§ **Data provided**
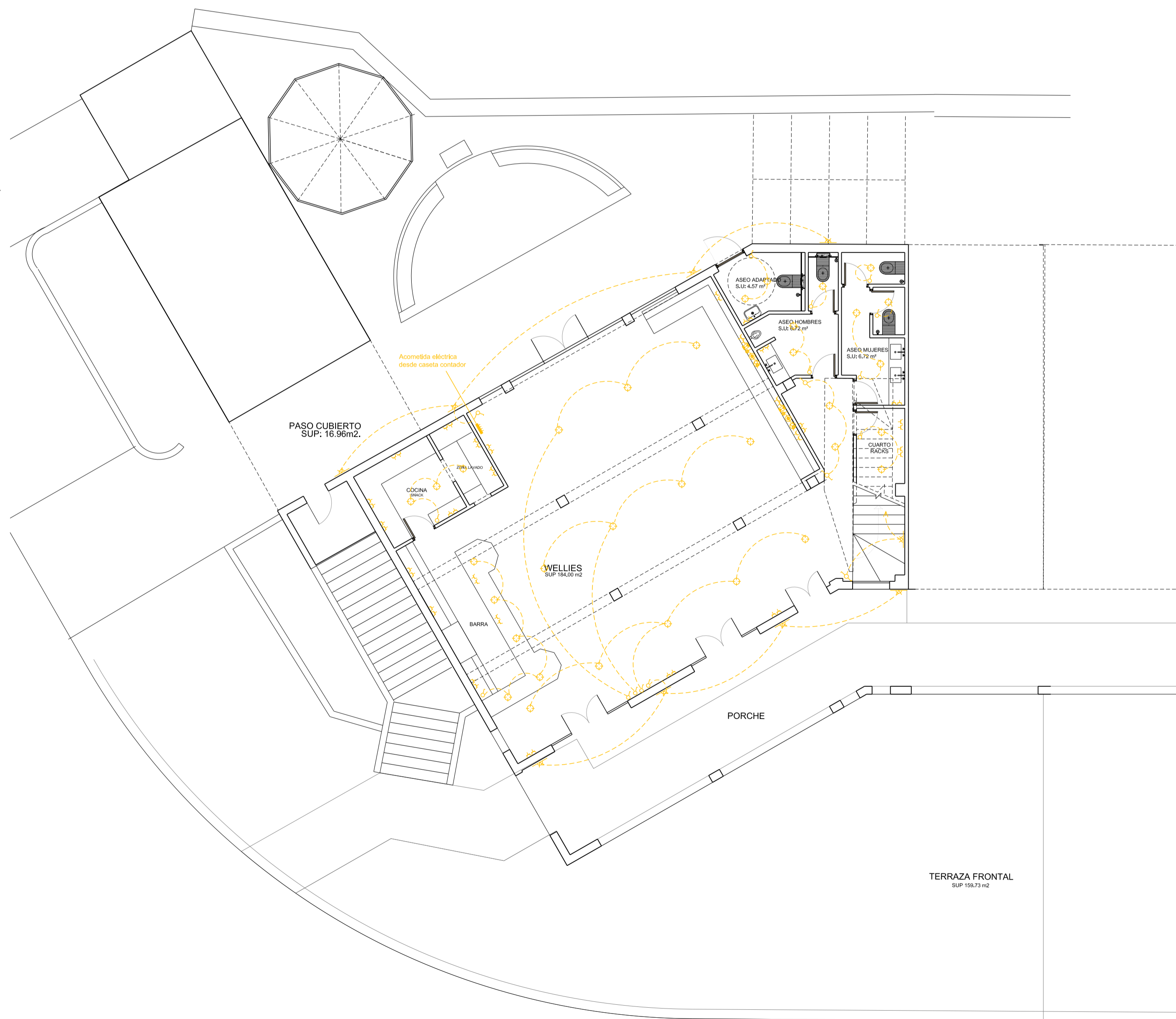
PLANTA BAJA - ELECTRICIDAD
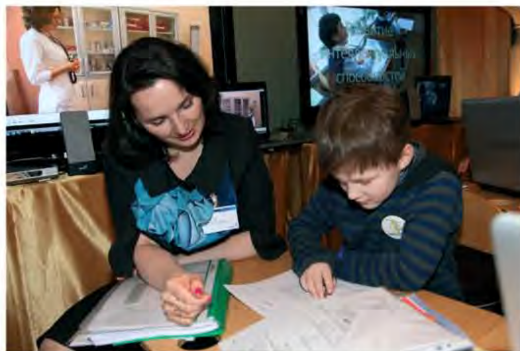
Одним из приоритетных направлений образования в Ломоносовской школе является интеллектуальное развитие.
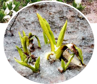
↑春を待つミズバショウ (3月9日現在)

§ **Work task**
Only the words belong in your copy: restate the data above exactly and leave the images out.

§ **Result**
PLANTA BAJA - ELECTRICIDAD
Одним из приоритетных направлений образования в Ломоносовской школе является интеллектуальное развитие.
↑春を待つミズバショウ (3月9日現在)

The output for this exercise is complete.